CI Investments merges funds
Toronto-based CI Investments Inc. has proposed to merge Skylon Capital Yield Trust into Skylon High Yield & Mortgage Plus Trust. The two trusts both provide exposure to high-yield debt securities, but the High Yield trust also invests in commercial mortgage-backed securities.
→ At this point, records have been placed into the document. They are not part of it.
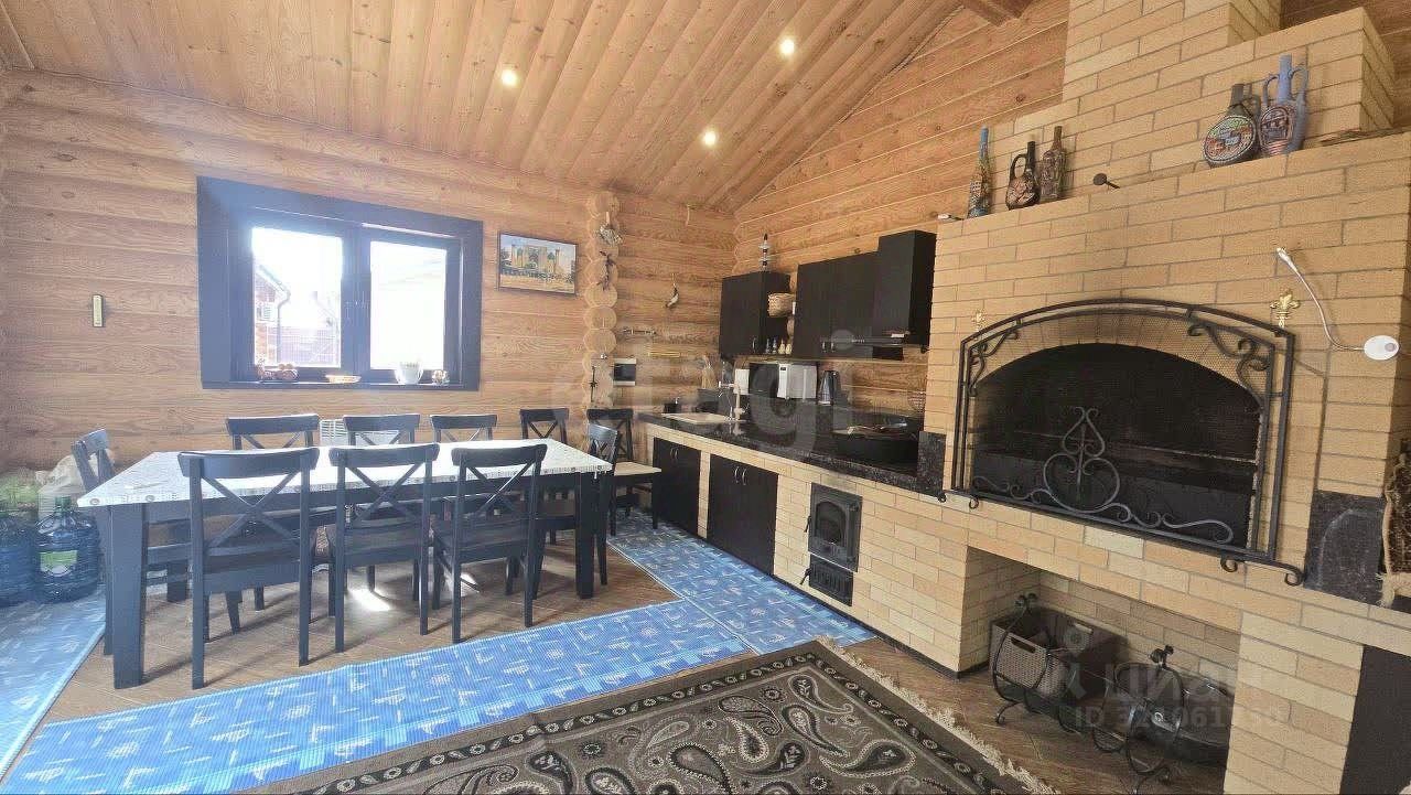 Двухэтажный дом с сауной и комплексом построек на благоустроенной территории площадью 10 соток в СНТ ''Рождествено'' (земли населённых пунктов под ИЖС)! !Дом и все постройки из оцилиндрованного бревна! Ключевым объектом является двухэтажный банный комплекс площадью 66,5 кв. м, в котором размещены сауна, бильярдная, зона отдыха и мангальная зона. Для автомобиля предусмотрен на 1 машину площадью 29,3 кв. м со стеллажами и освещением, также на территории есть парковочные места для 2 машин и более. Хозяйственный блок с мангальной зоной площадью 25,3кв.м, подходит для приёма гостей (летняя кухня). По всей территории тротуарная плитка, посажены голубые ели.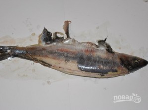 Почистим селедку. Удалим голову и внутренности, снимем кожу и максимально удалим все кости.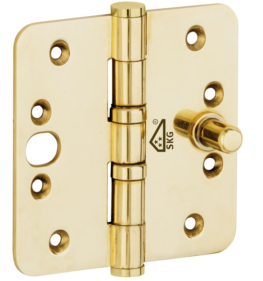 Kogellagerscharnier SKG3 89×89 ronde hoek vlak messing ongelakt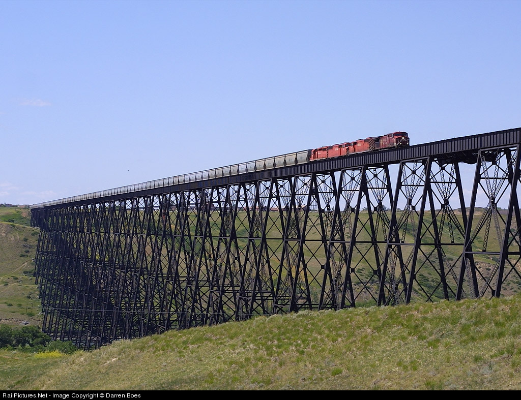 | A year to the day after moving to the Lethbridge area, I finally got a train on the High Level bridge...CP 9618 leads a pair of Red Barns and a standard SD40-2 on 124 potash empties for Saskatchewan |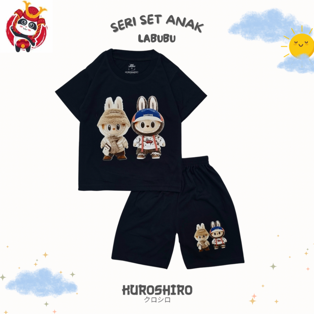 Setelan Anak Kuroshiro Labubu Kaos Laki Laki Baju Cowok Usia 1-9 Tahun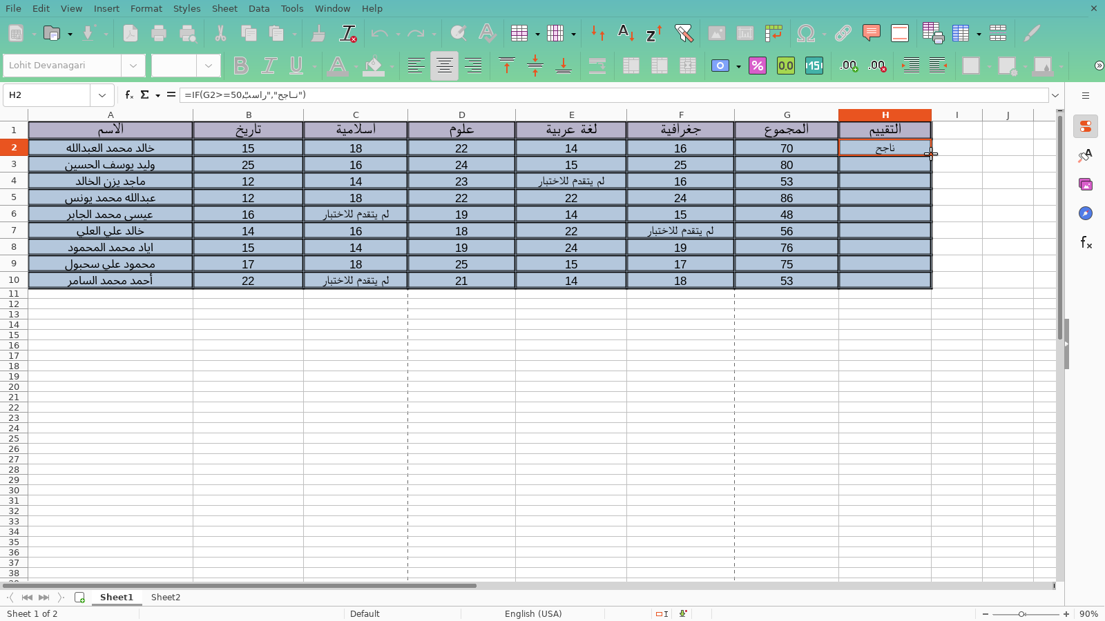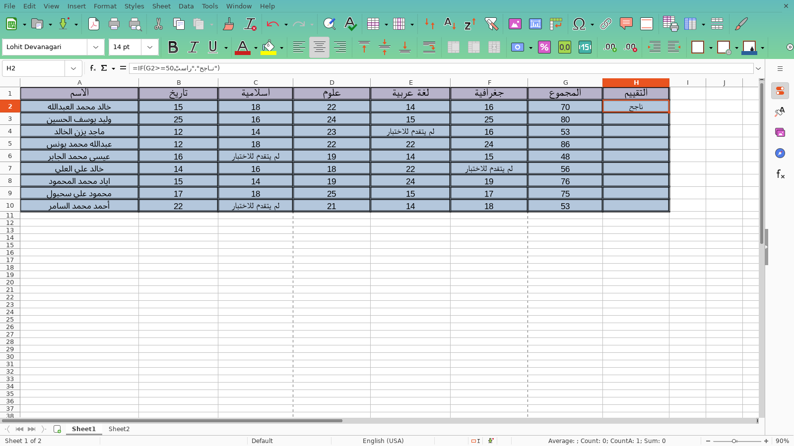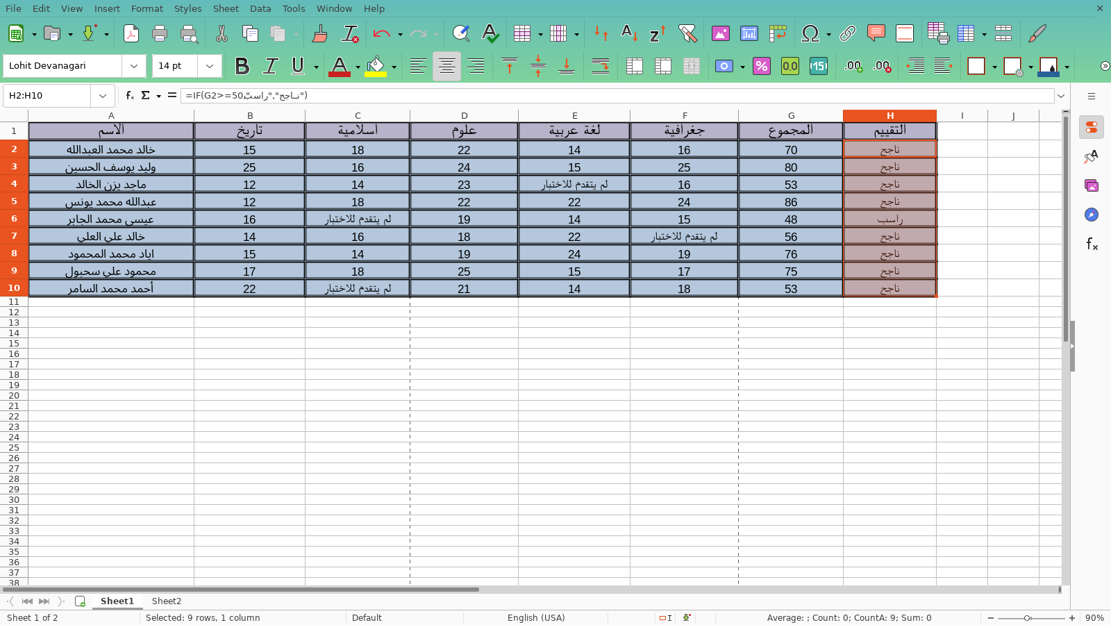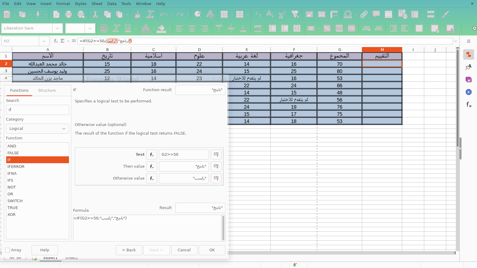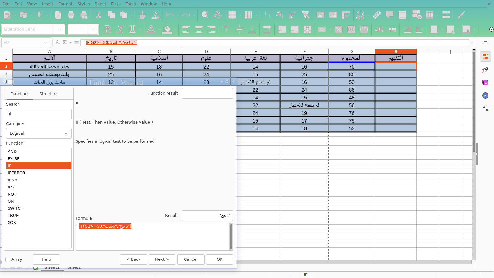 والشرط سيكون اذا خلية المجموع للطالب الأول الخلية المطلوبة أكبر أو تساوي 50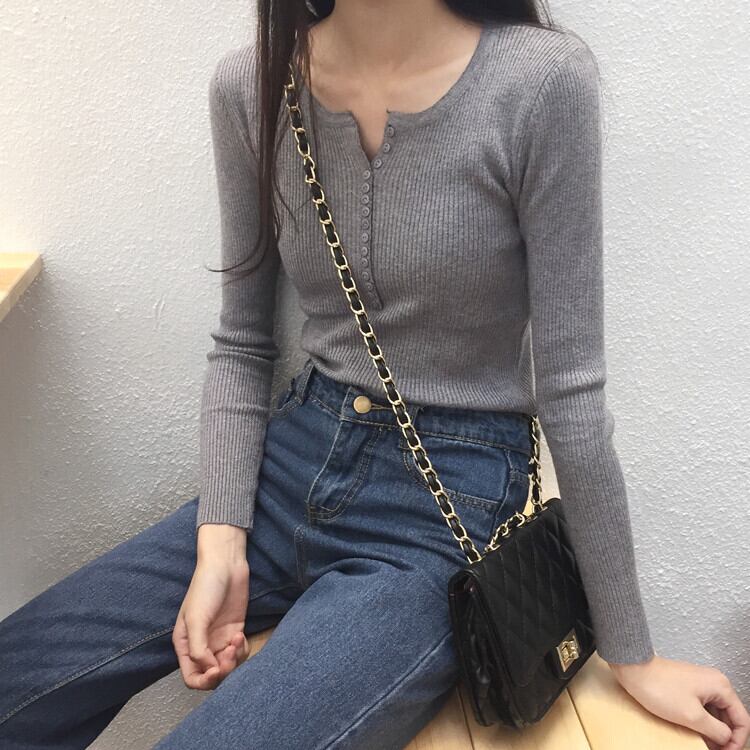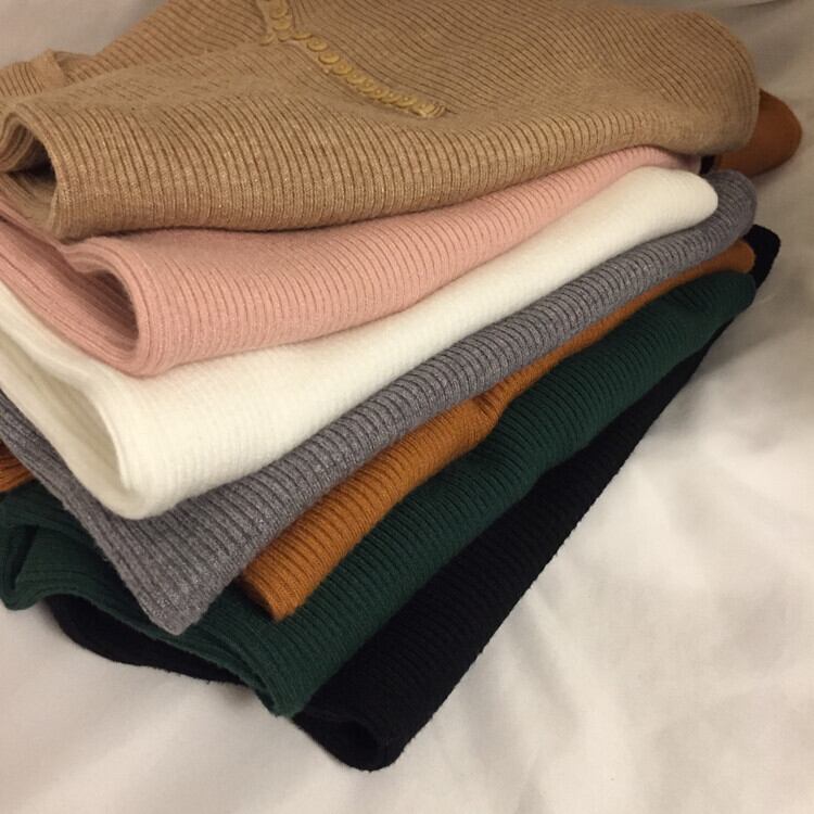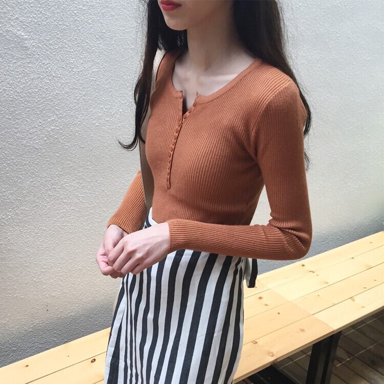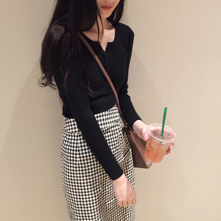 体のラインを美しく見せる、ヘンリーネックのリブカットソーです。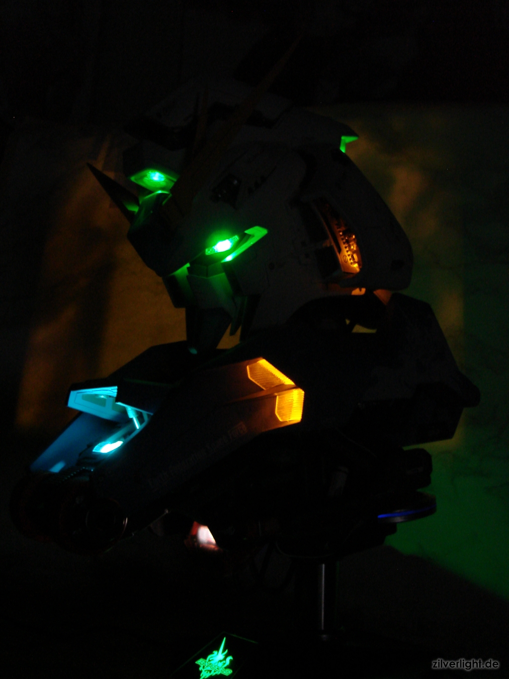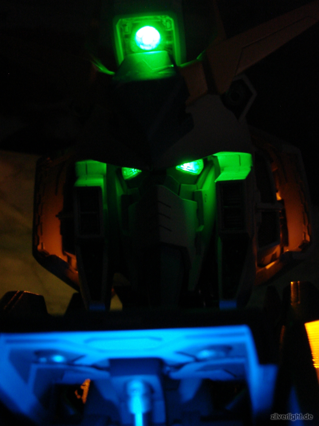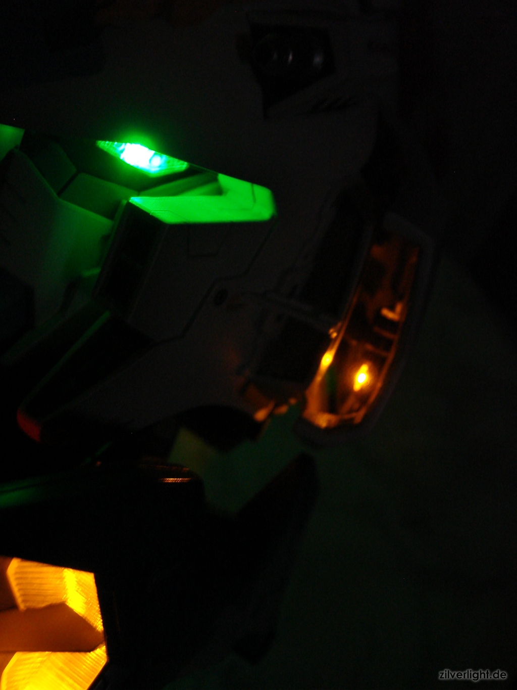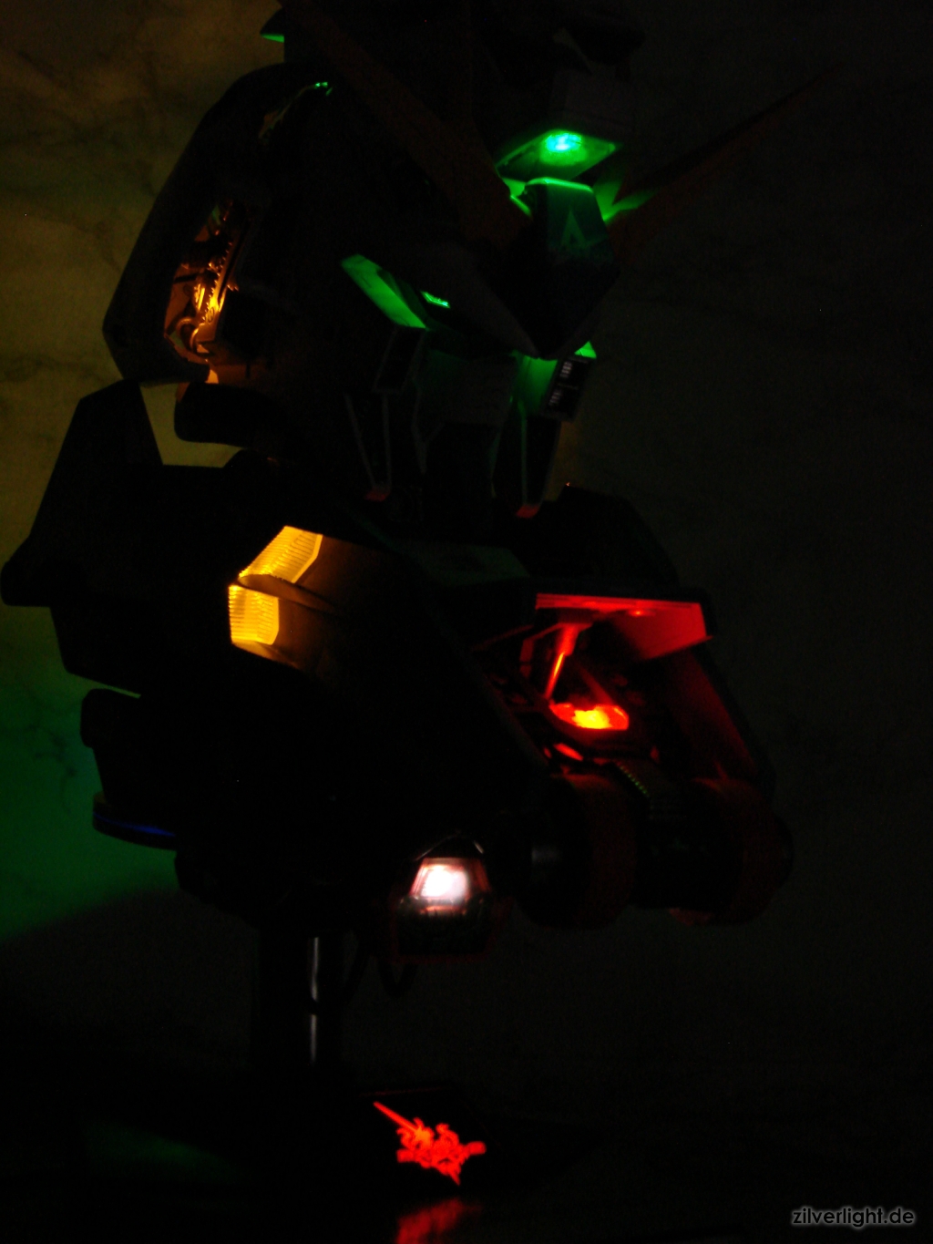 Es werde Licht! Minovsky Partikel volle Kraft! Leider fehlte mir um das Lichtfeature sehr gut darstellen zu können ein Lichtdimmer oder zumindest irgendeine Konstruktion um das Licht “manuell” zu dimmen. So blieb mir nur die Wahl das Licht komplett auszuschalten. Dadurch ist das Licht des RX-93-2 zwar sehr gut ersichtlich, aber der Rest des Gundams ist leider eher in Dunkelheit gehüllt.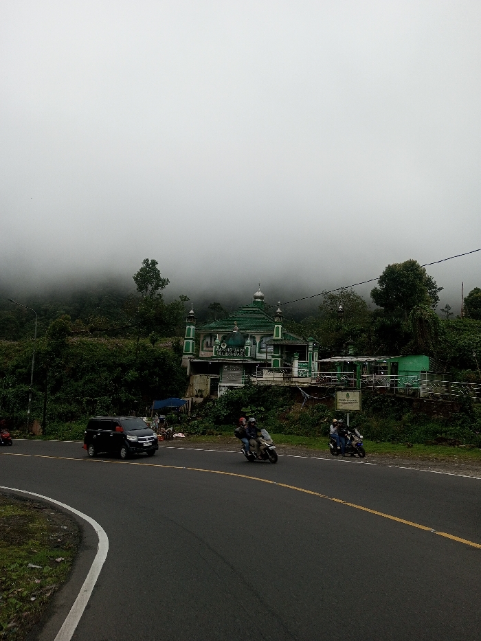 This image depicts a mountainous, foggy landscape in the city of Sandamal Eliya, Sri Lanka, centered around a two-lane asphalt road. The road, marked with a solid white edge line on the left and a double yellow center line, curves from the lower left to the right. On the right side of the road, a green and white mosque is prominently situated on an elevated concrete platform against a densely vegetated hillside. The mosque features a large central green dome, smaller domes on its two minarets, and the text "MASJID JAMI AL IKHLAS" displayed in white letters above its main entrance. Behind the mosque, the mountain slopes are covered with lush green foliage, gradually disappearing into thick, grey fog that fills the upper portions of the scene and obscures the sky. On the road, a black minivan travels away from the viewer in the left lane. In the right lane, two motorcycles are observed, each carrying two riders who are wearing helmets. To the right of the main mosque structure, a smaller green building with a metal fence is visible. A utility pole is present on the left side of the road, and power lines extend across the upper right section of the image. The scene is illuminated by overcast daylight.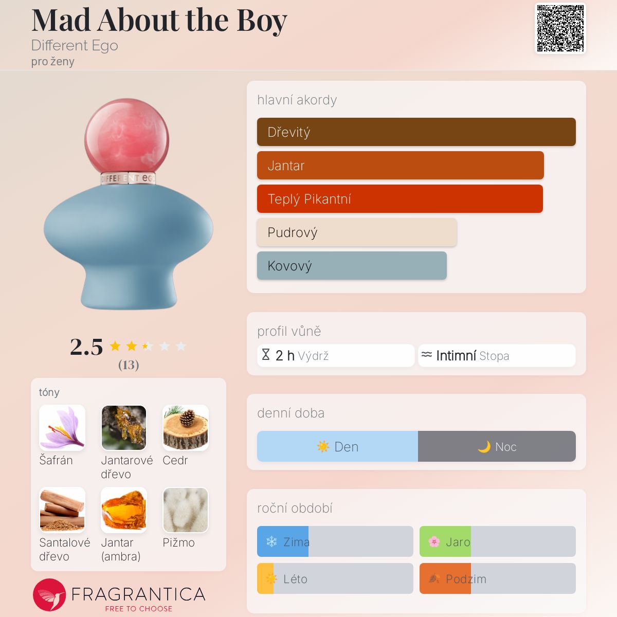Mad About the Boy podle Different Ego je Orientální Floral vůně pro ženy. Toto je nová vůně. Mad About the Boy byl/a uveden/a v roce 2025. Vrchní tóny jsou Šafrán, Krvavý pomeranč a Mandarinka; střední tóny jsouJantarové dřevo, Jasmín a Bílé květy ; základní tóny jsou Cedr, Santalové dřevo, Jantar (ambra) a Pižmo.

CI says the merger will benefit unitholders because the High Yield trust is larger and, therefore, “will be in a stronger position to maintain its mandate while funding any redemption requests.” Management and operating expenses will remain largely the same, and Toronto-based Marret Asset Management Inc., which manages both trusts, will continue to manage the merged trust. If approved, the trusts will merge on or around April 30, 2007. At that time, unitholders who do not wish to hold units of High Yield & Mortgage Plus Trust may redeem their units at net asset value.

Saxon rolls out principal-protected notes
Toronto-based Saxon Financial Inc. will launch Bank of Montreal Saxon Balanced Protected Deposit Notes. The notes are linked to a basket of assets that reflect the performance of Saxon Balanced Fund, and mature on or about April 26, 2012. If redeemed before the 5.5-year maturity date, early trading charges will occur as follows: 5.7% within the first three months of purchase, declining to zero after Year 2. Advisor commission is 4.25%. The maximum annual fee is 2.45%. Minimum initial investment is $2,000.

New mandate for Rockwater
Toronto-based Rockwater Capital Corp. has announced that its subsidiary KBSH Capital Management Inc. will no longer serve as advisor to IA Clarington Canadian Resources Class, IA Clarington Diversified Income Fund and IA Clarington Income Trust Fund, effective Nov. 17, 2006. The announcement follows a series of changes IA Clarington Investments Inc. is making to its fund lineup (see page 39). KBSH will continue to manage Clarington’s closed-end funds, Clarington Diversified Income + Growth Fund and Clarington Focused 40 Income Fund. Rockwater is now turning its attention to its asset-management business. It has rebranded its mutual fund platform as Lakeview Asset Management Inc. and launched four new funds that will be managed by KBSH: Lakeview KBSH Premium Bond Explorer Fund, Lakeview KBSH Equity Income Fund, Lakeview KBSH Large Cap Explorer Fund and Lakeview Small Cap Explorer Fund. Commissions are 5% for front-end sales, 1% for low-load sales and 4% for deferred sales. Trailing commissions are 1% for front-end or low-load sales and 0.5% for DSC — except for Premium Bond, for which trailers are 0.75% for front-end or low-load sales and 0.375% for DSC. Fees for redemptions on the low-load schedule are 2% within the first two years of purchase, and 4.5% in Year 1 through zero after Year 4 for the DSC schedule. Management fees are 1.5% for A-class shares and 0.75% for F-class shares of Premium Bond; 1.75% for A-class and 0.75% for F-class shares of Equity Income, and 1.95% for A-class shares and 0.95% for F-class shares of the large- and small-cap funds. Minimum investment is $5,000.